A complicated system exhibits emergence, according to the up-to-date framework, organizing itself into a hierarchy of levels, each of which operates independently of the details of the lower levels. The researchers suggest that we think of emergence as a kind of “software in the natural world.” Just as the software on your laptop runs without having to keep track of all the micro-level information about the electrons in a computer circuit, emergent phenomena are governed by macro-level rules that seem to be self-sufficient, no matter what the parts do.
Using a mathematical formalism called computational mechanics, the researchers identified criteria for determining which systems have this kind of hierarchical structure. They tested these criteria on several model systems known to exhibit emergent phenomena, including neural networks and Game of Life-style cellular automata. Indeed, the degrees of freedom, or independent variables, that reflect the behavior of these systems at microscopic and macroscopic scales are related in exactly the way the theory predicts.
Of course, no up-to-date matter or energy appears at the macroscopic level in emergent systems that are not microscopically present. Rather, emergent phenomena, from Great Red Spots to conscious thought, require up-to-date language to describe the system. “What these authors have done is to try to formalize this,” he said. Chris Adamiresearcher in complicated systems at Michigan State University. “I totally support this idea of making things mathematical.”
Need for closure
Rosas approached the topic of emergence from many angles.

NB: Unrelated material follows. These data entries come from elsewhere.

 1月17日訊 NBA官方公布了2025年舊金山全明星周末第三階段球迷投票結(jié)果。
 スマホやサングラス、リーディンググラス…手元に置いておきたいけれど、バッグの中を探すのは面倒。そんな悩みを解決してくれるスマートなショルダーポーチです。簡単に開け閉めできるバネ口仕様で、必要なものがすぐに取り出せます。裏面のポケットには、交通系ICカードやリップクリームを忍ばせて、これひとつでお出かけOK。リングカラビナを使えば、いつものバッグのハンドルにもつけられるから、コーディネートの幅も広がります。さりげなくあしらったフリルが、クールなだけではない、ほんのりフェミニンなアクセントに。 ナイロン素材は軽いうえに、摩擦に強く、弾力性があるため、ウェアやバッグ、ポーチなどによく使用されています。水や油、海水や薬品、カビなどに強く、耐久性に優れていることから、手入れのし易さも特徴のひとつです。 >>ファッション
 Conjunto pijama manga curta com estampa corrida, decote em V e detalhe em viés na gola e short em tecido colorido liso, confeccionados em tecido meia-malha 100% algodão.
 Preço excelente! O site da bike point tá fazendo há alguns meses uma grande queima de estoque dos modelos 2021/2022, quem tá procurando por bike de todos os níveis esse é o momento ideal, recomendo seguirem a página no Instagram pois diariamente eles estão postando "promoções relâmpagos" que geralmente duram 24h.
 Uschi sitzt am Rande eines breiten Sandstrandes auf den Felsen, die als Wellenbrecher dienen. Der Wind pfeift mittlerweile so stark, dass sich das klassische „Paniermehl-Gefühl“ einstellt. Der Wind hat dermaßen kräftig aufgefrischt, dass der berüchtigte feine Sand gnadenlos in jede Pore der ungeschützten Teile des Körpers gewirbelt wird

His father was a renowned conductor in Chile, where Rosas first studied and played music. “I grew up in concert halls,” he said. Then he switched to philosophy, then to pure mathematics, which gave him an “abstract overdose” that he “cured” with a doctorate in electrical engineering.
A few years ago, Rosas started thinking about the thorny question of whether the brain is a computer. Consider what’s going on inside your laptop. The software generates predictable, repeatable outputs for a given set of inputs. But if you look at the actual physics of the system, the electrons don’t follow identical trajectories every time. “It’s a mess,” Rosas said. “It’s never going to be exactly the same.”

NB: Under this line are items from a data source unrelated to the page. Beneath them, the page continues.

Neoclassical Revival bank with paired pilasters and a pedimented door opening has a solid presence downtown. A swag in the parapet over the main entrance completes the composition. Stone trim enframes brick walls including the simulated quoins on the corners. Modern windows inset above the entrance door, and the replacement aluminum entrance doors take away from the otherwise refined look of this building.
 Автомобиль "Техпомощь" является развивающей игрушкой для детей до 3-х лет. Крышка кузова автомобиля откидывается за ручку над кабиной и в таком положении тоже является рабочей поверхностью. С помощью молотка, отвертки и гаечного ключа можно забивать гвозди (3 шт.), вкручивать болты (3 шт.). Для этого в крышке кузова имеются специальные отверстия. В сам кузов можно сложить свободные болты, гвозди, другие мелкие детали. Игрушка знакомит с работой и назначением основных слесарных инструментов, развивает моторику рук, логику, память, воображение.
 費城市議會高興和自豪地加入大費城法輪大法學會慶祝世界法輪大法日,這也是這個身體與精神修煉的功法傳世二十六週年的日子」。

Software seems to be “closed” in the sense that it does not depend on the detailed physics of microelectronic hardware. The brain behaves similarly: our behaviors are consistent even though the neural activity is never identical under any given set of circumstances.
Rosas and colleagues concluded that there are actually three different types of closures in emergent systems. Would the output from your laptop be more predictable if you invested a lot of time and energy in collecting information about all the microstates—electron energies, etc.—in the system? Generally, no. This corresponds to a case of information closure:As Rosas stated, “All the details below the macro are not helpful in predicting the macro.”
What if you want to not only predict but also control the system—does lower-level information aid with that? Again, usually not: the interventions we make at the macro level, such as changing software code by typing, do not become more reliable when we try to change the trajectories of individual electrons. If lower-level information does not add further control over macro outcomes, the macro level is Causally closed:He himself is the cause of his own future.